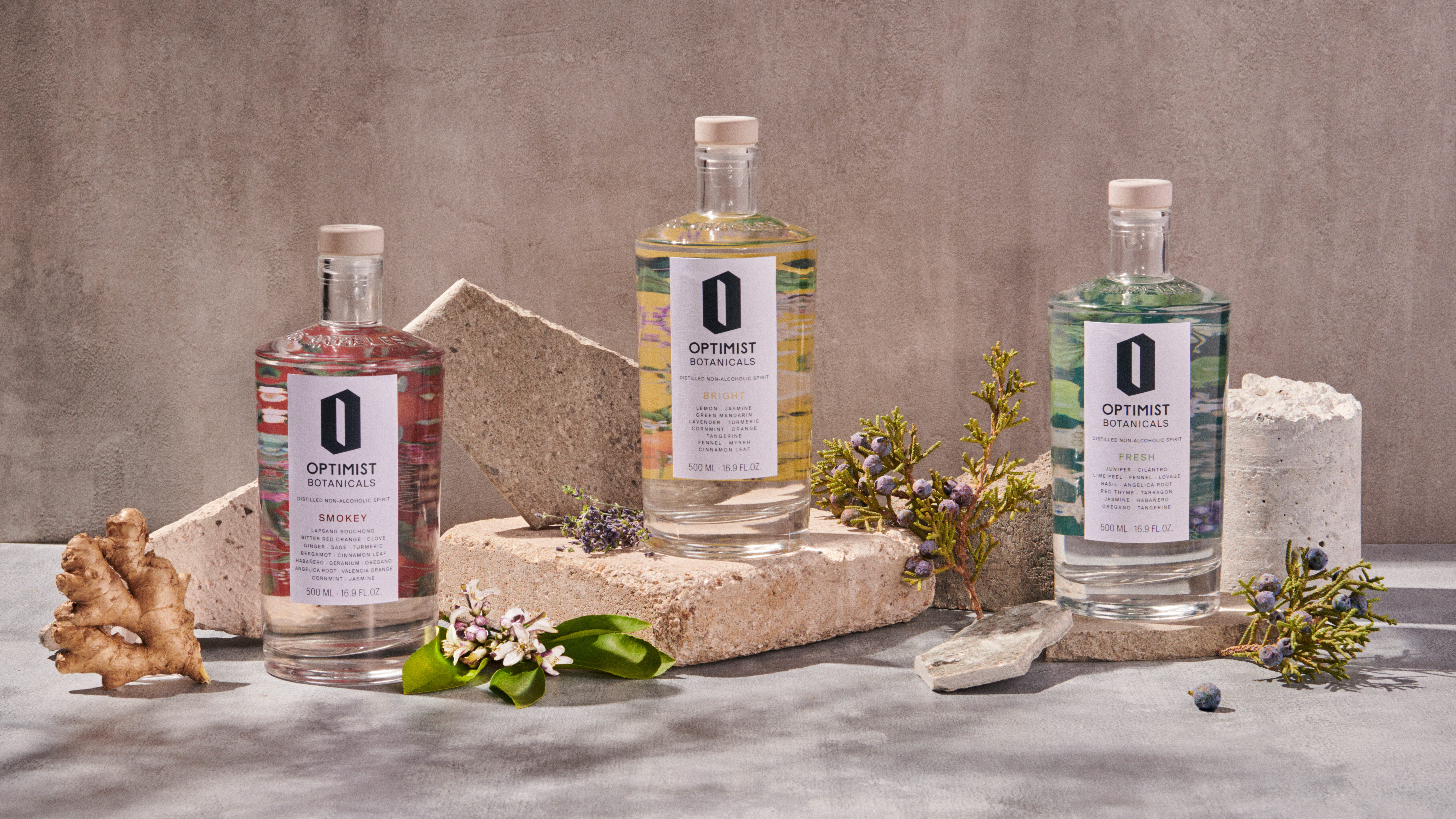 Optimist Drinks’ first offering is a signature distilled non-alcoholic botanical spirit range that comes in three elegant blends, BRIGHT, FRESH, and SMOKEY. Liquid botanical love-letters to Los Angeles, each unique flavor takes those tasting it on a sensory journey to salt-sprayed coastlines (BRIGHT), verdant canyons (FRESH) or the dusky high desert (SMOKEY).
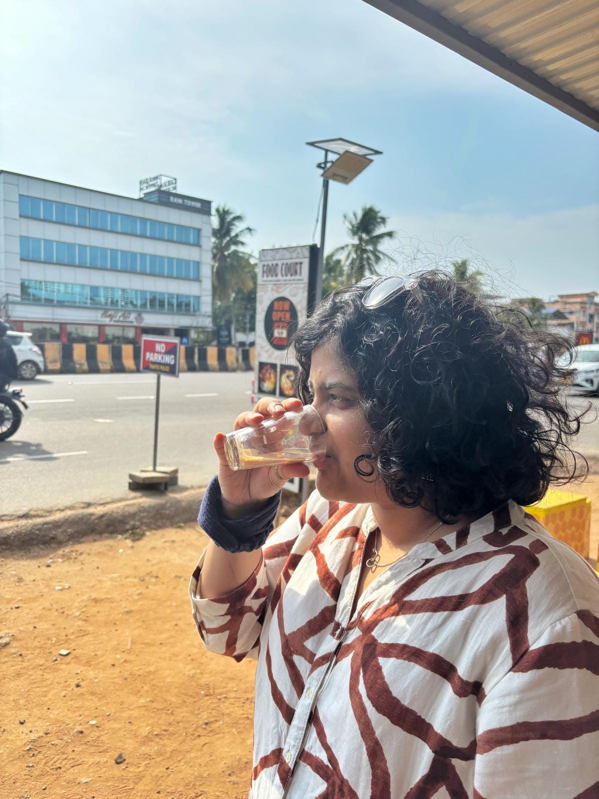 Meeting my Law college friends - at High Court Kerala (pics on left and right; with Namitha, Neethu and Bhagi); and roaming around Trivandrum to taste chai (centre).
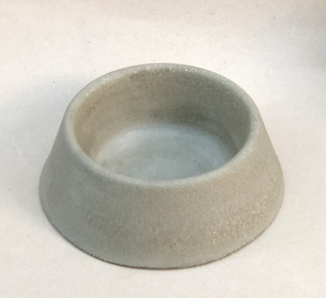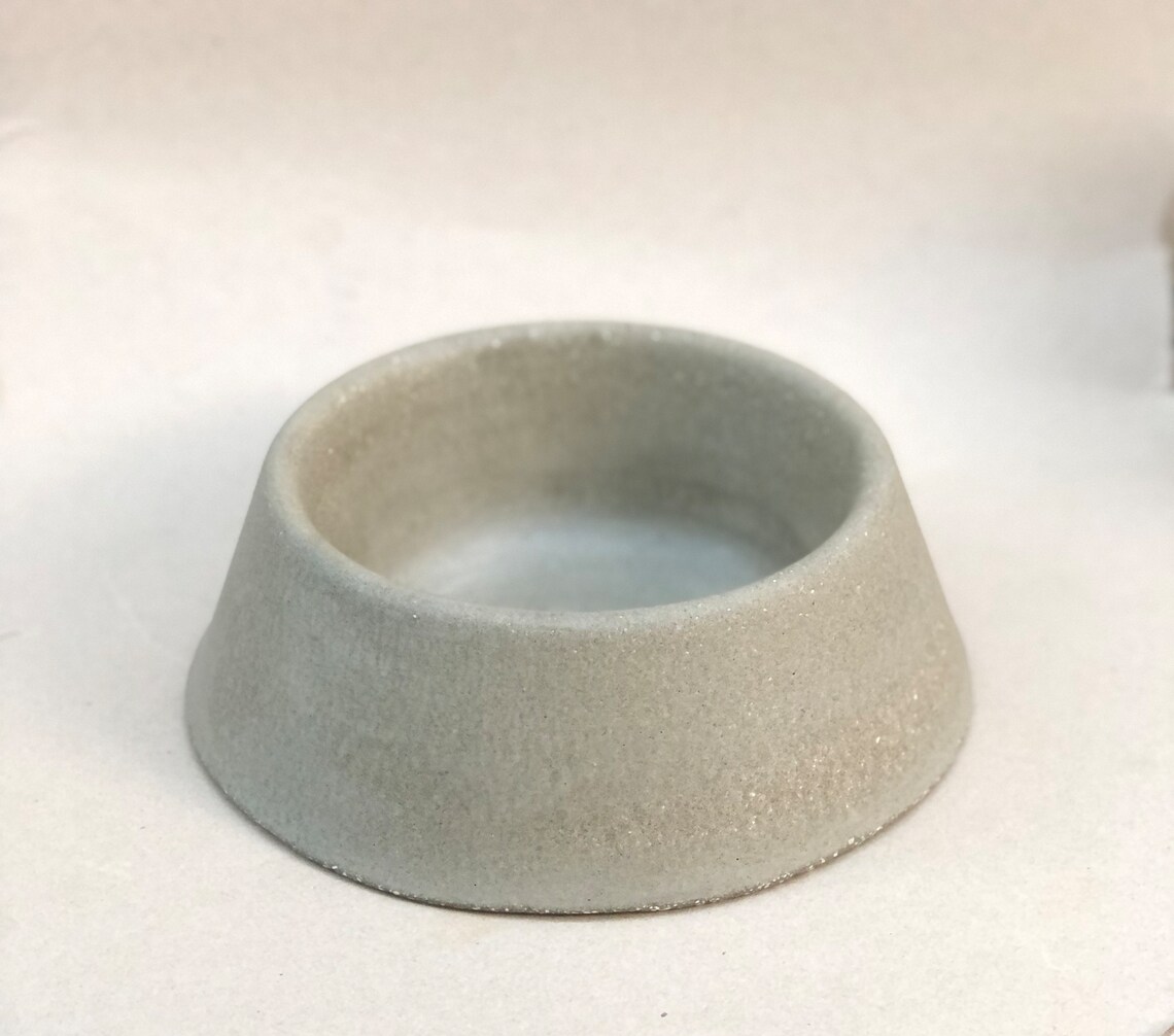 Natural concrete bowl for pets. Holds 32 oz of water. Perfect for indoor use or outdoor use. Non slip rubber under padding which makes it sturdy and not easy to tip over.
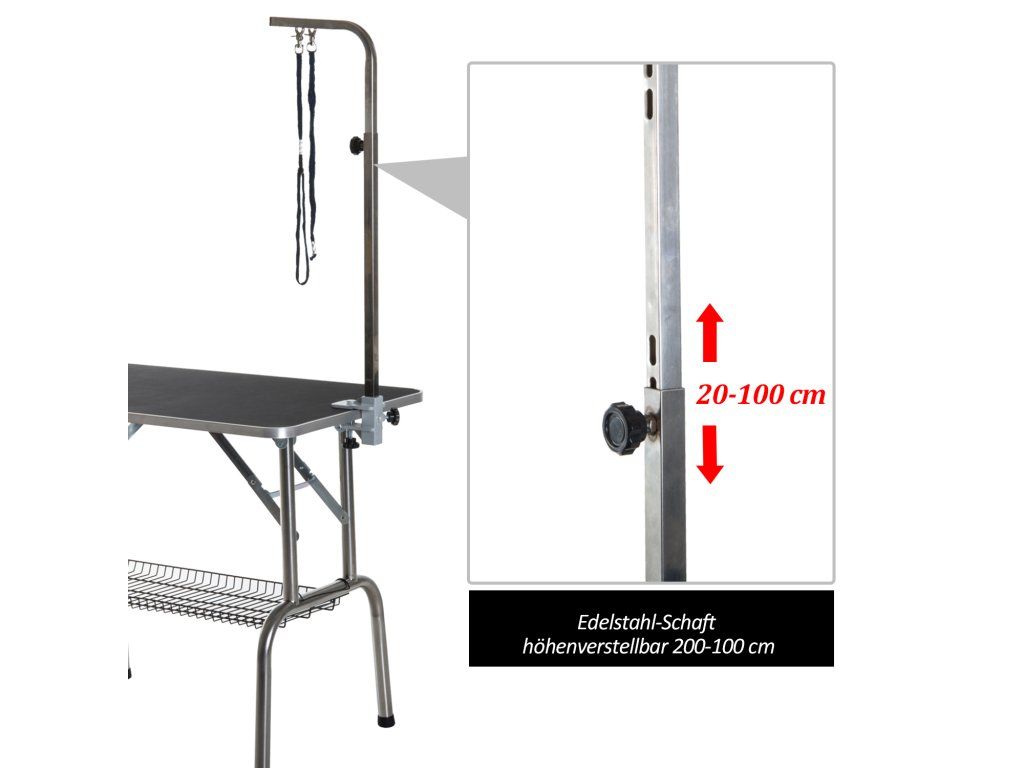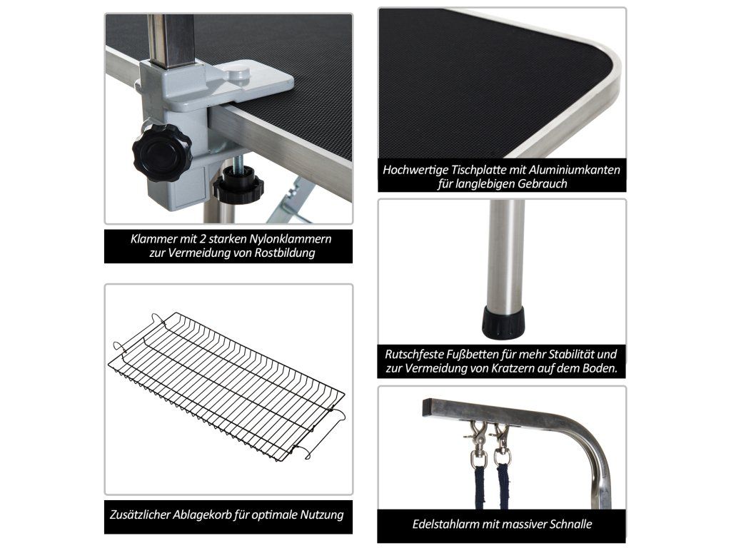 - Praktický trimovací stůl: Stříhejte svého psa a domácího mazlíčka bezpečně a pohodlně. Stabilní stůl nabízí dostatek prostoru, je robustní a je vybaven také odkládacím košem a šibenicí.
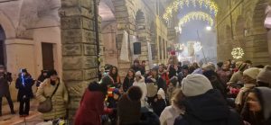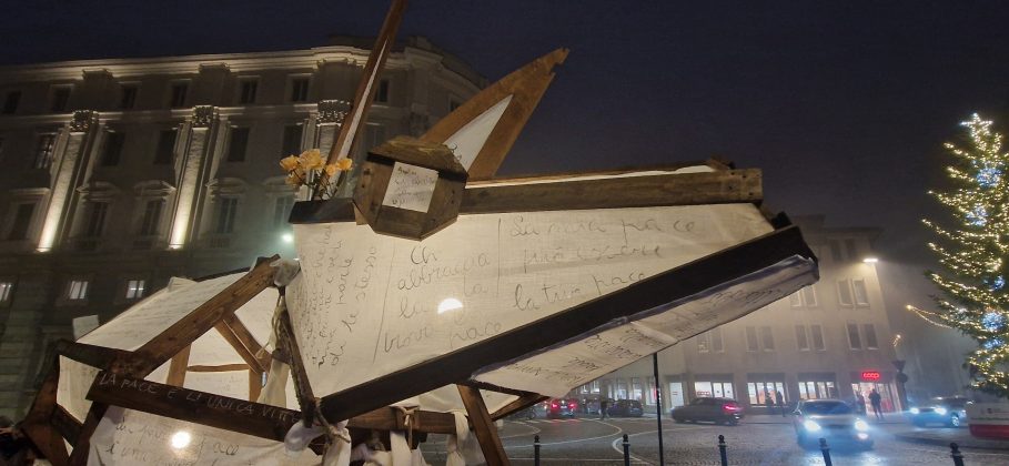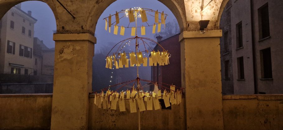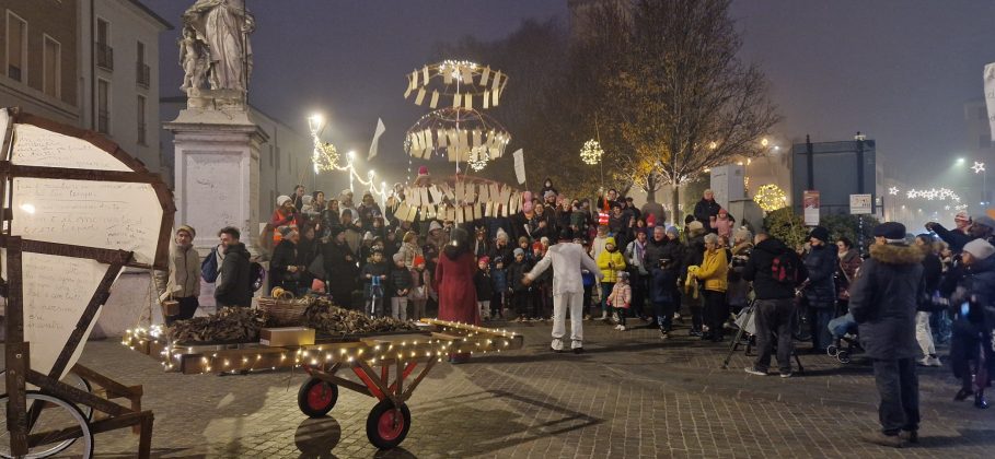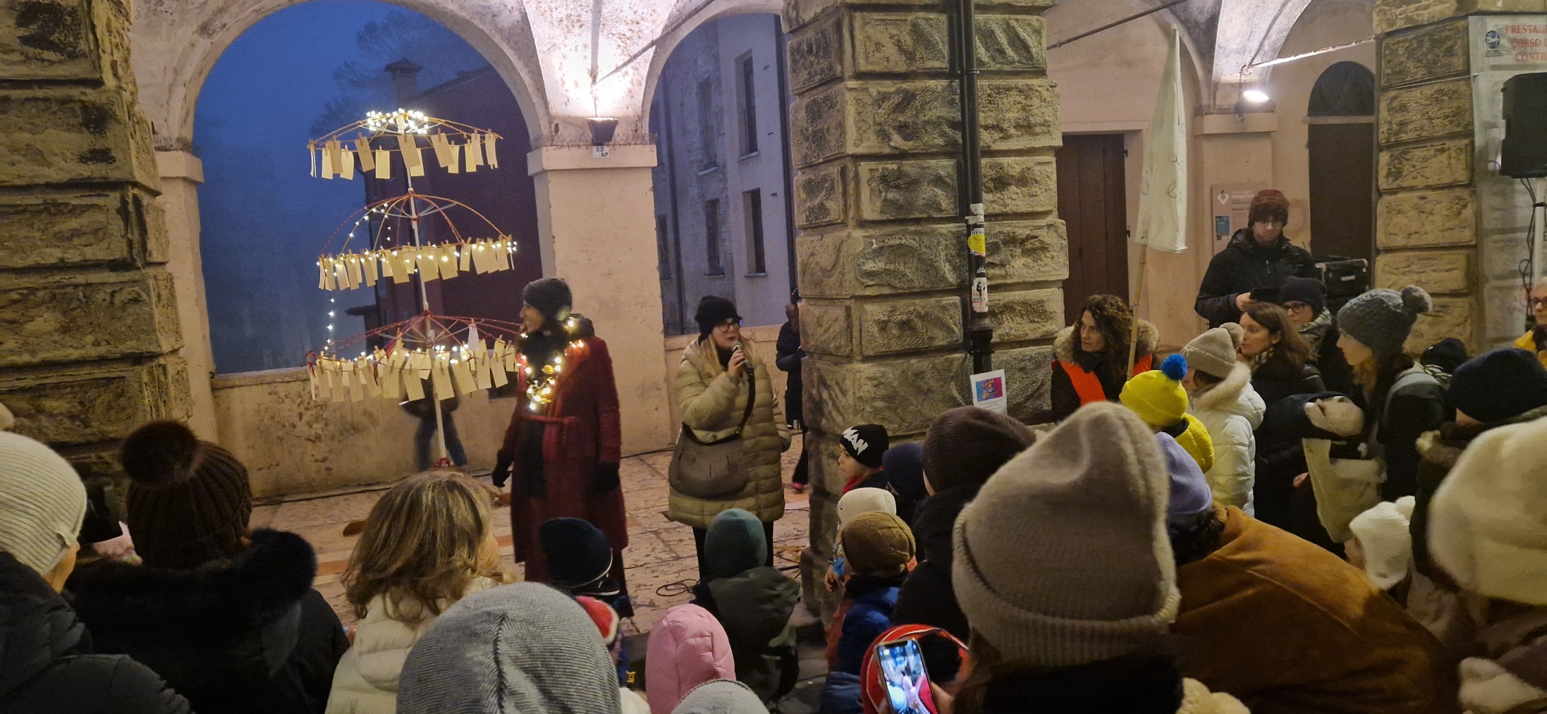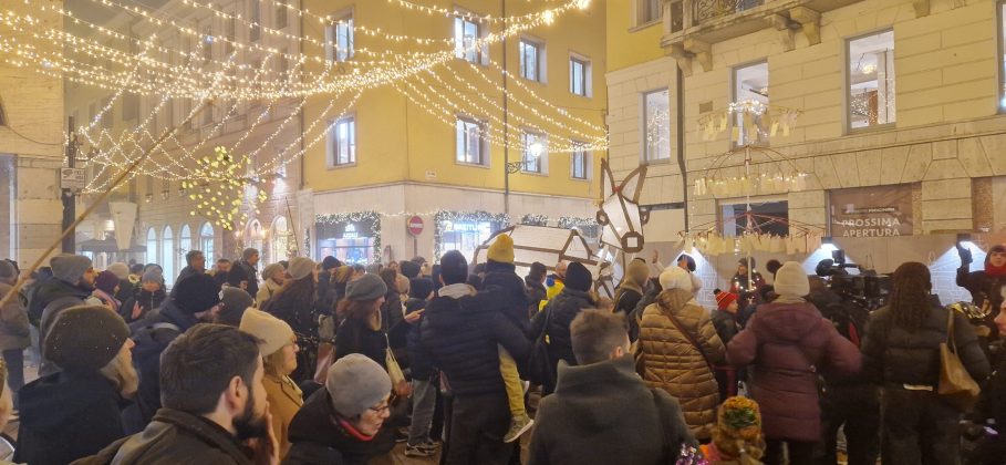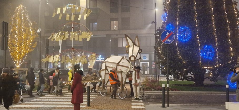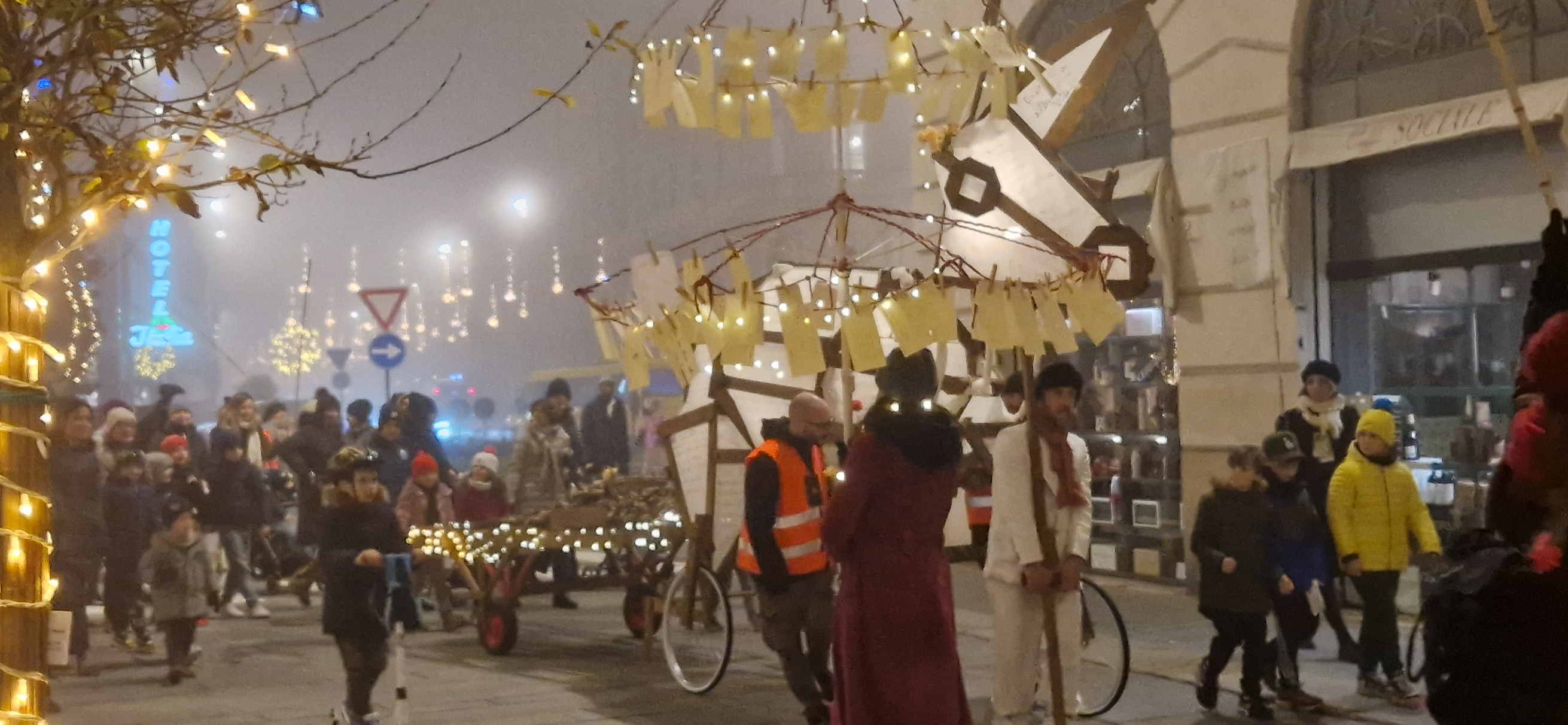 MANTOVA – Luci natalizie, messaggi di pace e una passeggiata attraverso il centro di Mantova per accogliere l’arrivo di Santa Lucia. È andato in scena anche quest’anno il tradizionale appuntamento “Aspettando Santa Lucia”, organizzato da Segni d’Infanzia, che ha portato con sé un messaggio di speranza e di pace per grandi e piccini. In piazza Martiri, un grande asino di legno con un carretto luminoso, simbolo di pace, ha attirato l’attenzione, mentre sul Lungorio cartelloni con frasi che invitano alla riflessione accoglievano i partecipanti.
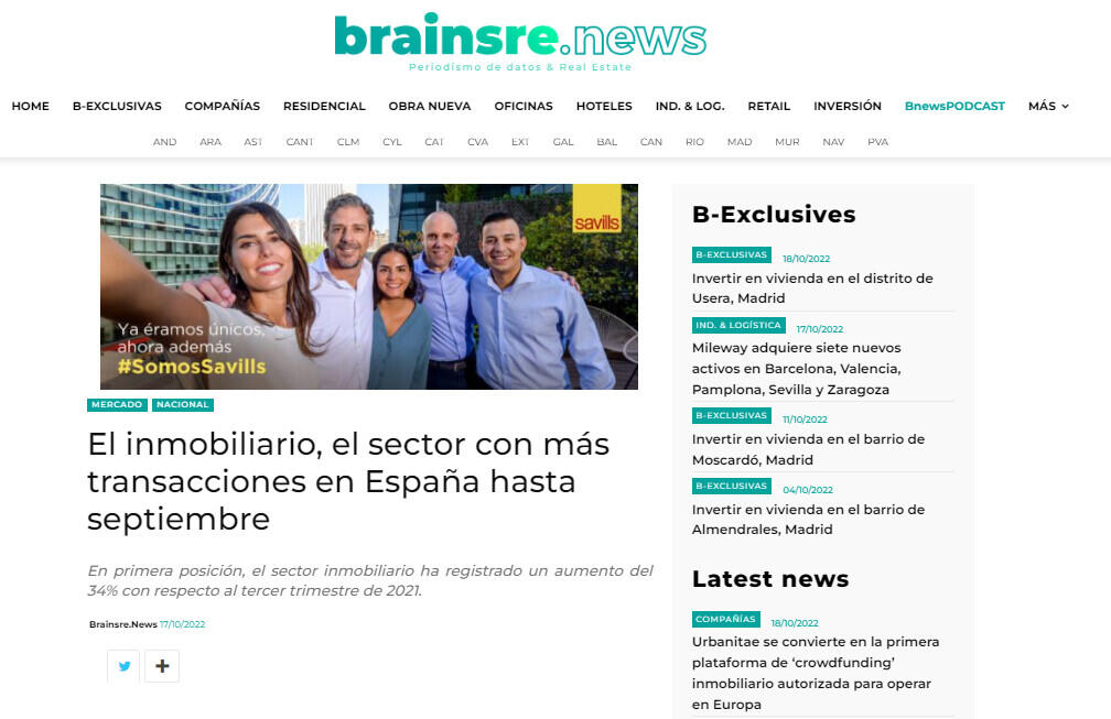 El inmobiliario, el sector con más transacciones en España hasta septiembre
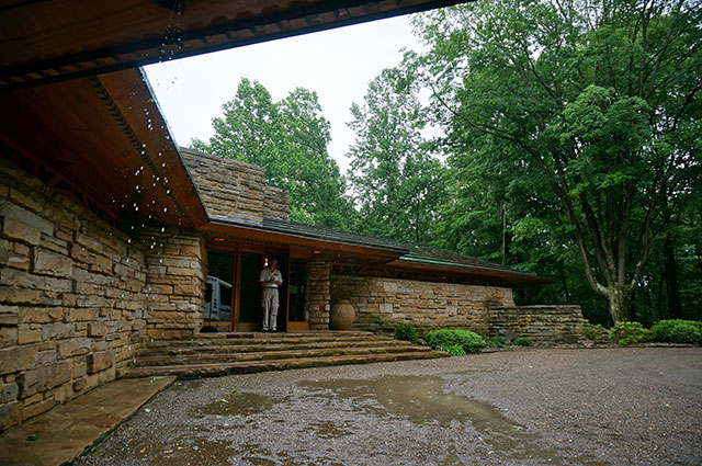 施主は先に建てられた落水荘を見て、惚れ込みライトに設計を依頼したそうです。通年使用で、長く住み続ける間には、多少の改築などもあったようですが、ライトの設計を損なうことなく、あたかもそうであったかのように、私には見えました。
· · ·
Exercise aim: Reproduce the listing above from the line that contains "El inmobiliario, el" through its final line, exactly and with nothing added. Omit the images.

Answer for the task:
 El inmobiliario, el sector con más transacciones en España hasta septiembre
 施主は先に建てられた落水荘を見て、惚れ込みライトに設計を依頼したそうです。通年使用で、長く住み続ける間には、多少の改築などもあったようですが、ライトの設計を損なうことなく、あたかもそうであったかのように、私には見えました。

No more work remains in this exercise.